= Beginning of Section =
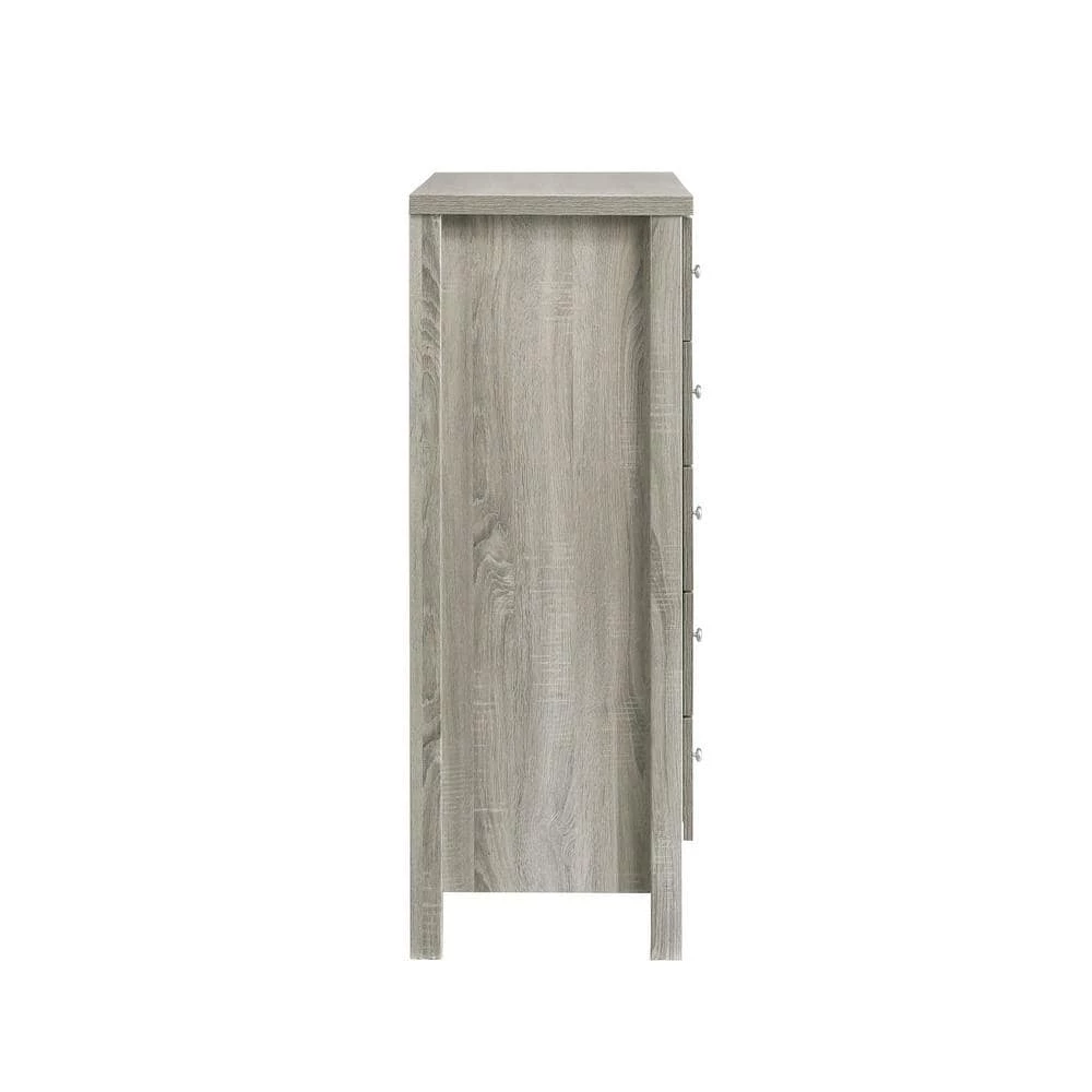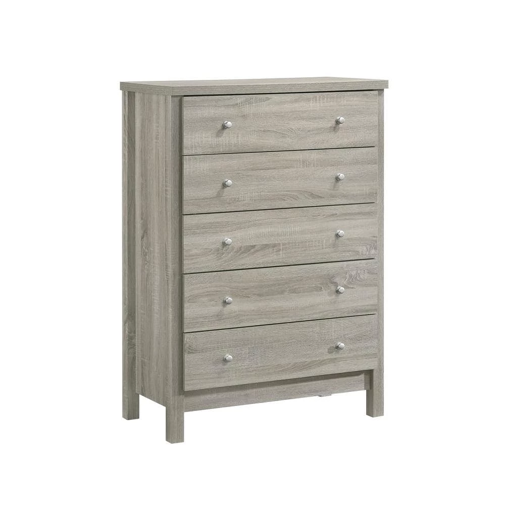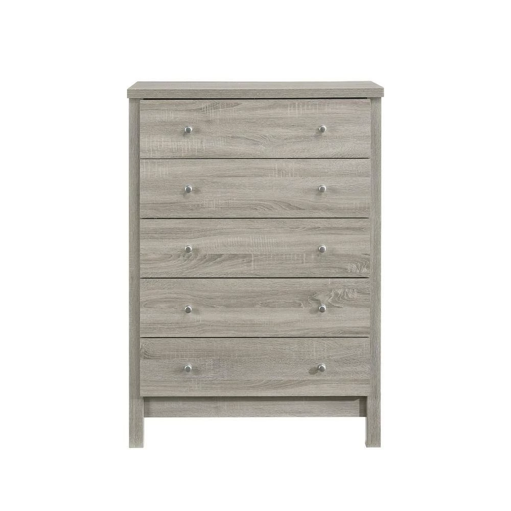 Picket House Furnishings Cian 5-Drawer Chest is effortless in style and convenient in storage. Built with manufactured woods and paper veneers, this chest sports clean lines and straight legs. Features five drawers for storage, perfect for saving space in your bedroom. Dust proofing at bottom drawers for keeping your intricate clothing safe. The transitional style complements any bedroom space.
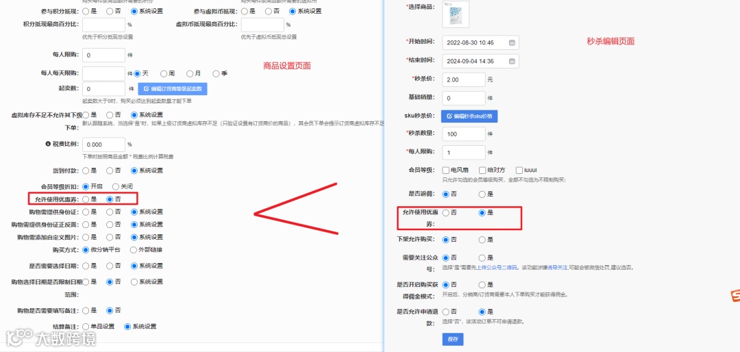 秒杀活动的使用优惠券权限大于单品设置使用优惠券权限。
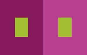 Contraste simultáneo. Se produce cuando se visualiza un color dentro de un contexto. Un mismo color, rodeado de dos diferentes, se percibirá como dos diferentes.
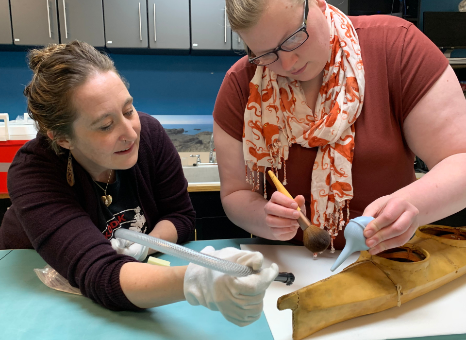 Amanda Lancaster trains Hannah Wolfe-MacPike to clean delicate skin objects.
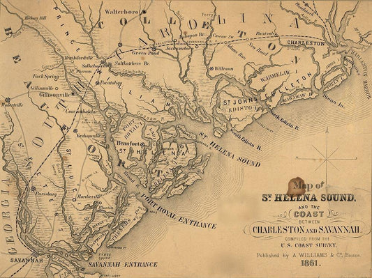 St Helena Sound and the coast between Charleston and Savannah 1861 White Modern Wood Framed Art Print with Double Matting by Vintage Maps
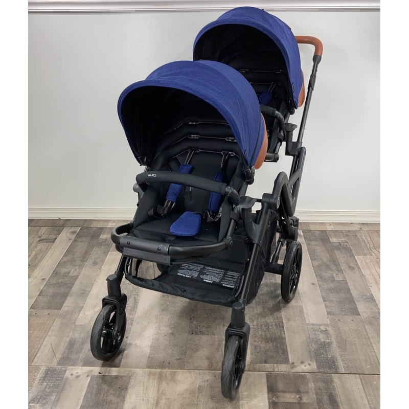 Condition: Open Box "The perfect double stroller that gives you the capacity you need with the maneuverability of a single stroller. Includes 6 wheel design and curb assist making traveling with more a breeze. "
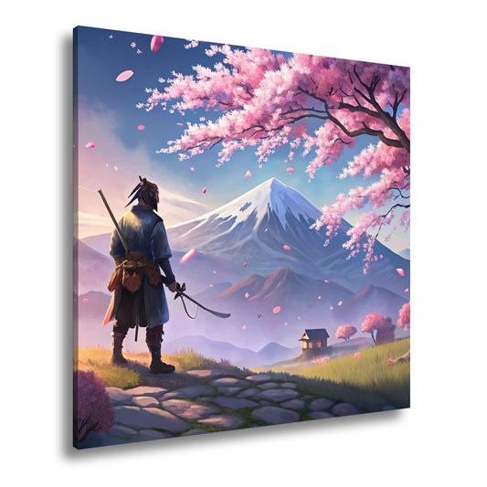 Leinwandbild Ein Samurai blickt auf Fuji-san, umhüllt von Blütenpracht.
= End of Section =
Repeat exactly the lines from the first line of the records above through the line containing "Contraste simultáneo. Se", leaving out the pictures.

 Picket House Furnishings Cian 5-Drawer Chest is effortless in style and convenient in storage. Built with manufactured woods and paper veneers, this chest sports clean lines and straight legs. Features five drawers for storage, perfect for saving space in your bedroom. Dust proofing at bottom drawers for keeping your intricate clothing safe. The transitional style complements any bedroom space.
 秒杀活动的使用优惠券权限大于单品设置使用优惠券权限。
 Contraste simultáneo. Se produce cuando se visualiza un color dentro de un contexto. Un mismo color, rodeado de dos diferentes, se percibirá como dos diferentes.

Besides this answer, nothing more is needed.